De fijnzinnige, verstillende sculpturen van Philip Aguirre y Otegui vind je in veel musea en in de openbare ruimte. Binnen of buiten, solide of fragiel, bescheiden of monumentaal. Parallel aan zijn beeldhouwkunst bouwt de kunstenaar ook een indrukwekkend grafisch oeuvre op. Hij bewaart wel duizenden tekeningen, etsen, zeefdrukken, lithografieën en collages in zijn atelier in Borgerhout. Een selectie van dit grafisch werk presenteert hij vanaf eind oktober in het Museum Plantin-Moretus.
De perfecte locatie
"Ik loop al jaren rond met het idee mijn grafisch werk tentoon te stellen. Er is daarvoor geen betere plek dan het Museum Plantin-Moretus. Daar voel je nog echt de kracht van drukwerk en papier. Ik ben dan ook heel dankbaar dat ik er mag exposeren. De historische drukkerij intrigeert mij al sinds mijn humaniora. Het boek heeft de wereld veranderd, de uitgeverij van Plantijn heeft daar een enorm belangrijke rol bij gespeeld. Ze drukte de bijbels van het hele Spaanse Rijk dat toen zowat de helft van de wereld besloeg. En dat allemaal vanuit Antwerpen, dat is toch wel heel bijzonder."
In het Museum Plantin-Moretus voel je nog echt de kracht van drukwerk en papier. De prenten, de typografie, de bladspiegel ... De collectie heeft me altijd gefascineerd.
"Ook de collectie zelf heeft me altijd gefascineerd. Er liggen ongelooflijk mooie prenten, kaarten, herbariums ... En kijk eens naar de typografie, de heldere bladspiegel, de slimme legendes bij de landkaarten. De manier waarop illustratoren de wijsheid van hun tijd visualiseerden in een encyclopedie om hun kennis over te dragen. Dat is allemaal enorm inspirerend. Ik heb heel wat etsen gemaakt die onrechtstreeks refereren naar wat ik in het museum heb gezien."

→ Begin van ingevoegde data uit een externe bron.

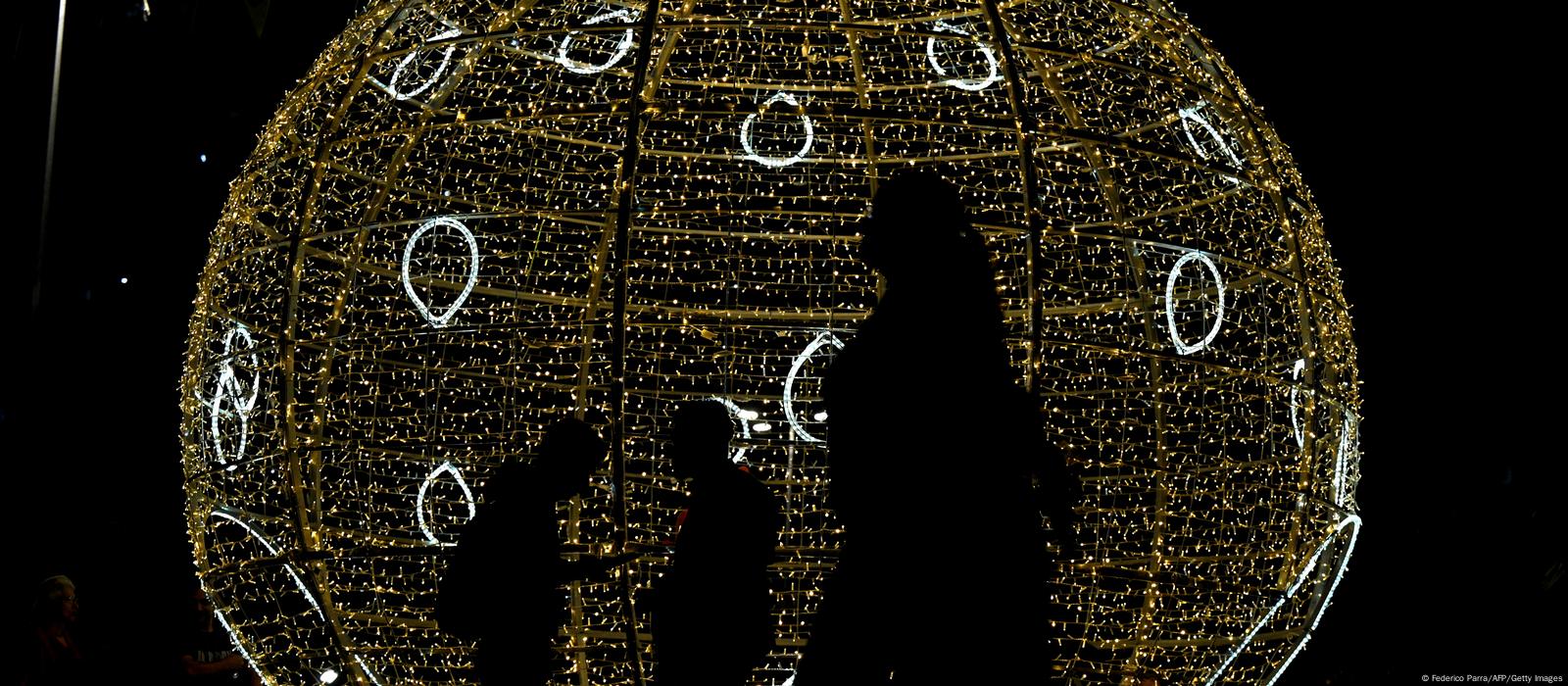 Ya estamos en octubre, así que es tiempo de Navidad en Venezuela. Por órdenes del presidente Nicolás Maduro, las celebraciones comienzan en el país sudamericano casi tres meses antes de la fecha que conmemora el nacimiento de Jesús. En la imagen, varias personas pasan frente a un adorno navideño instalado en Caracas (AFP).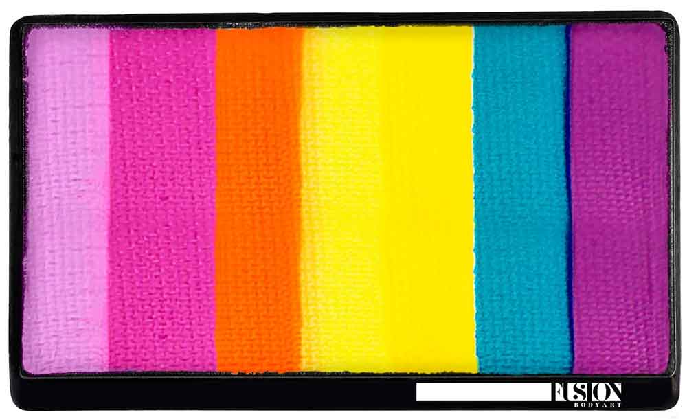 Fusion Body Art Splitcake Schmink is snel en gemakkelijk aan te brengen met een vochtige penseel of spons. Als je alle kleuren in één keer met een penseel aan wilt brengen dat kan je het beste penseel S20 gebruiken. Fusion Rainbow Cake schmink kan eenvoudig worden verwijderd met water en zeep of met de schminkwashand. Omdat Fusion Body Art schmink veel pigment bevat adviseren wij om Marly Skin huidbeschermingsschuim aan te brengen voordat je gaat schminken. Fusion Body Art schmink bevat alleen hoogwaardige FDA- en EU-conforme huidveilige pigmenten en ingrediënten die zacht zijn voor de huid. Elke kleur is zorgvuldig ontwikkeld om u de helderste en meest dekkende kleuren te geven voor jouw schminkontwerpen. Fusion Body Art schmink droogt snel en heeft na droging een veegvaste finish. Je kunt kleuren over elkaar heen leggen zodra de basiskleur droog is, en je kunt Fusion Body Art schmink mengen terwijl ze nog nat zijn om eindeloos mooie tinten te maken.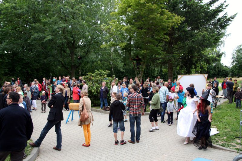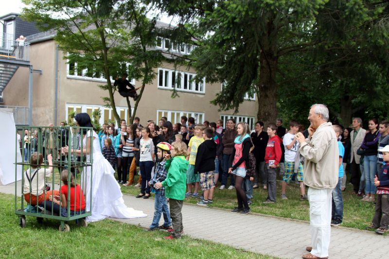 Die Theatergruppe der Schule brachte mit der von der Theater-AG selbst geschriebenen Aufführung „Märchen voll verrückt“ die Gäste mit originellen Dialogen, schauspielerischem Talent und lustigen Kostümen zum Lachen. Die Bläser der Landeskirchlichen Gemeinschaft sorgten für die musikalische Umrahmung der Veranstaltung. Außerdem konnte jeder seine Treffsicherheit beim Torwand – und Bogenschießen ausprobieren.
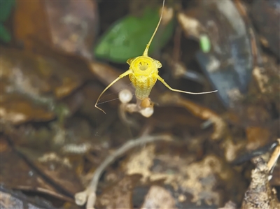 通体金黄,形如中国古代的金色酒樽,从枯枝腐叶里破土而出,像一盏盏“黄灯笼”。这是科研团队近期在海南热带雨林国家公园尖峰岭片区发现的新物种——金樽水玉杯。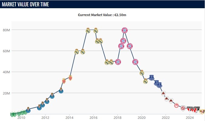 2014年,23歲的J羅7500萬(wàn)歐加盟皇馬,他的巔峰身價(jià)也因那個(gè)賽季的爆發(fā)達(dá)到8000萬(wàn)歐。后來(lái)J羅在效力拜仁期間也有過(guò)不錯(cuò)表現(xiàn),身價(jià)一度回到8000萬(wàn)歐,但之后就是一路下滑。

Wunderkammer in de tentoonstelling
‘Mijn grootste uitdaging nu is de selectie te maken voor de tentoonstelling. Ik heb kasten, schappen en dozen vol bruikbaar materiaal. Op de academie al ontdekte ik het plezier van het etsen en ik ben dat altijd graag blijven doen. Ik heb ook heel wat houtsneden, lithografieën en zeefdrukken gemaakt. Stuk voor stuk boeiende plastische technieken. Soms gaan mijn tekeningen een sculptuur vooraf. Dan weer evolueren ze tot autonoom werk, of maak ik van een beeldhouwwerk achteraf nog een zeefdruk. Ze gaan vaak samen.’
‘Ik hou enorm van de intimiteit van de zalen van het Museum Plantin-Moretus. Er heerst een bijzondere sfeer. Daarom wil ik in de tentoonstelling graag een Wunderkammer opstellen, een soort rariteitenkabinet waar ik naast mijn grafisch oeuvre ook kleine objecten, sculpturen en enkele schetsboeken opstel. Als ik nu die tientallen schetsboekjes van de voorbije decennia doorblader, daarin zitten zoveel ideeën en elementen die nog altijd bruikbaar zijn.’

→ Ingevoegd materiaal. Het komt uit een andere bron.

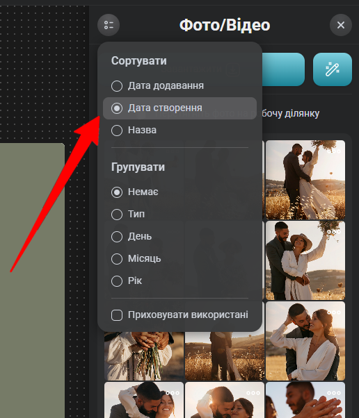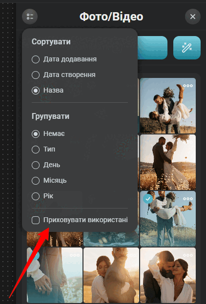 If the photos you have used already confuse you when creating a book, use the "Hide Used Photos" feature. To do this, simply check the box next to this option in the drop-down box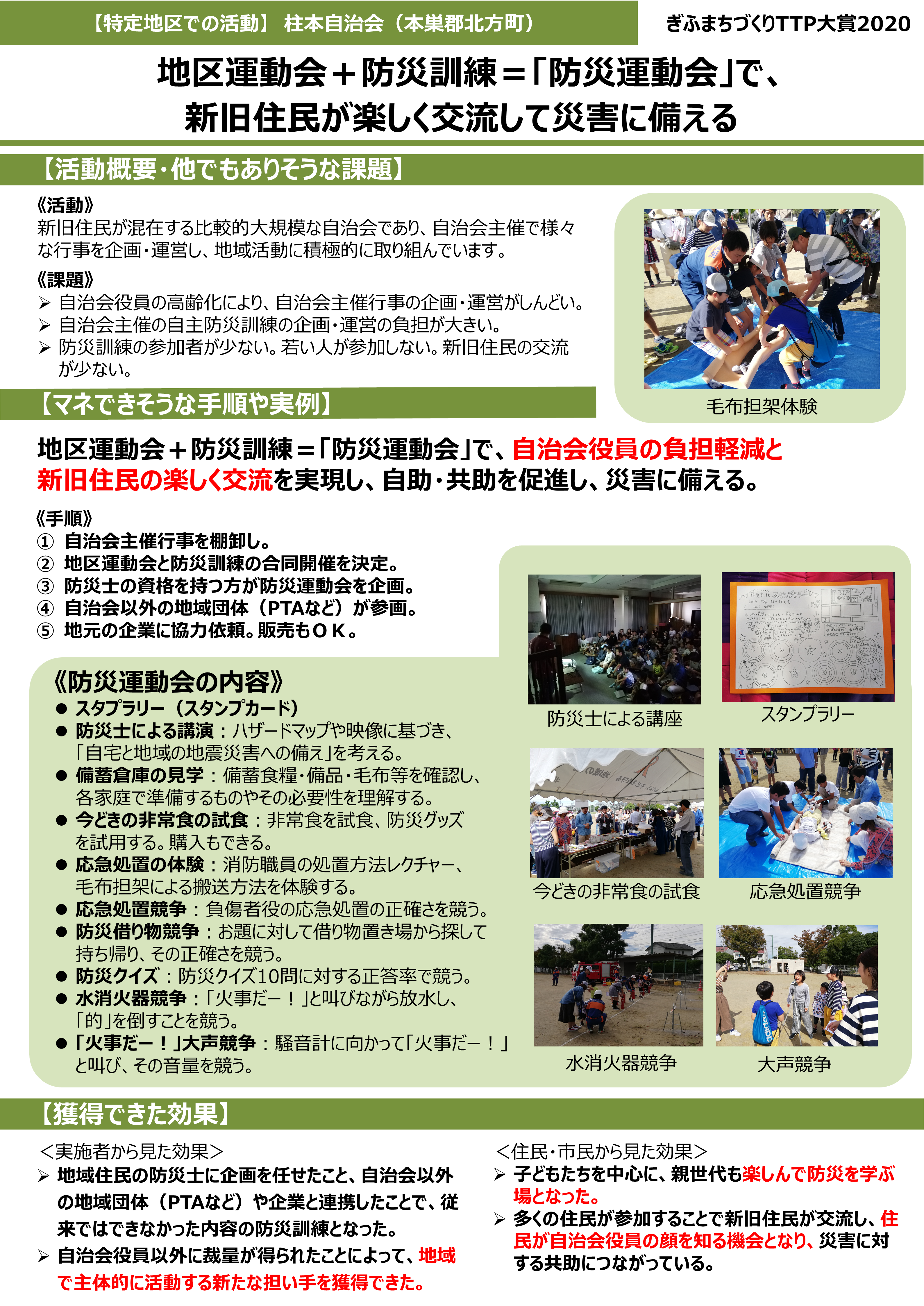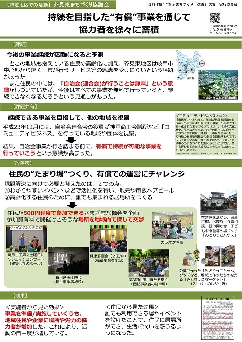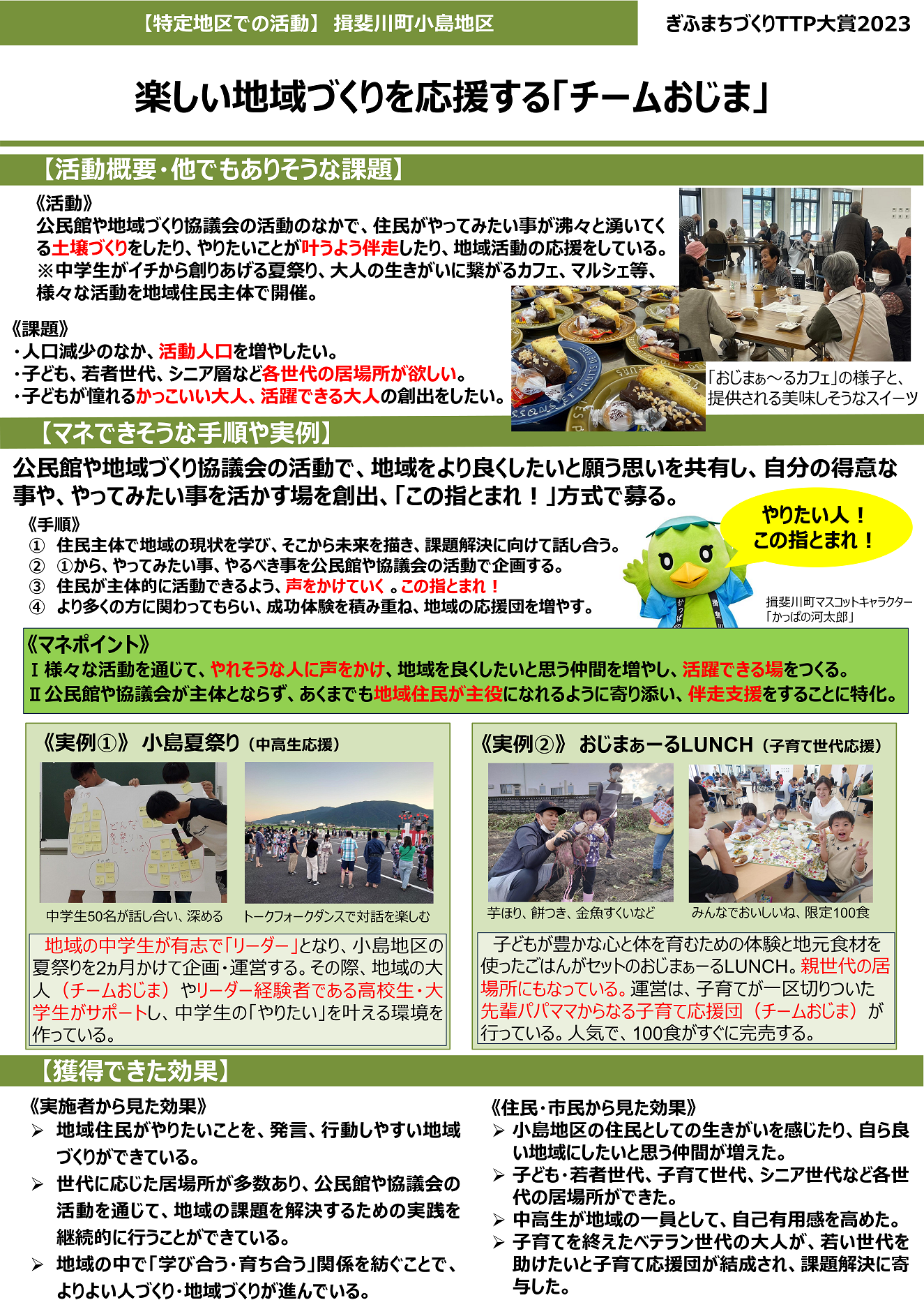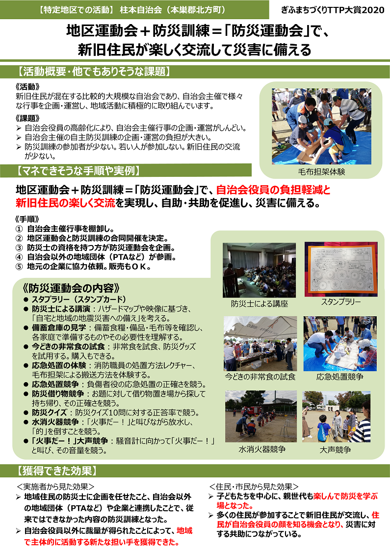 | 長良東自治会連合会(岐阜市) | 柱本自治会(本巣郡北方町) | 地域づくりNPO「山県楽しいプロジェクト」 |

‘Van een aantal werken wil ik ook de voorbereidende tekeningen tonen. Dan zie je het achterliggende proces. Hoe past een bepaald idee op een vel papier, hoe zet ik er een woord bij en hoe heb ik het typografisch uitgewerkt?’
Schenking aan het museum
‘De tentoonstelling is een goede gelegenheid om een aantal werken aan het museum te schenken. Grafiek is makkelijk te schenken, net omdat het zo democratisch is. Van een ets kan je bijvoorbeeld 30 exemplaren maken. Dat is bij een bronzen sculptuur helemaal anders natuurlijk. Ik denk eraan het museum enkele épreuves d’artiste te schenken, en daarnaast ook etsplaten en houtblokken die ik heb gebruikt, zelfs heel recente.’

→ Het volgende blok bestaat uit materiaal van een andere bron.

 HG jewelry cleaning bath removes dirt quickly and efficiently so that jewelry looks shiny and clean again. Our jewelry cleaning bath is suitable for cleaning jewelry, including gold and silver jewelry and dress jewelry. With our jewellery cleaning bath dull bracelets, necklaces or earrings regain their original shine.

‘Ik vind het belangrijk dat kunstwerken bewaard worden in een museum. Niet dat ik de pretentie heb dat mijn werk een museale waarde heeft. De tijd zal uitwijzen of mijn oeuvre al dan niet overeind blijft, daar ben ik me zeer van bewust. In de 19de eeuw waren er echte sterren in de kunstwereld, razend populair, maar die zijn vandaag helemaal naar de kelder verdwenen. Ik hoop natuurlijk dat later iets van mijn werk blijft leven, maar je moet daar als kunstenaar bescheiden in zijn. Wel vind ik het mooi dat wanneer je iets tentoonstelt, je kunstwerken dan gemeengoed worden voor het publiek. Ik deel heel graag.’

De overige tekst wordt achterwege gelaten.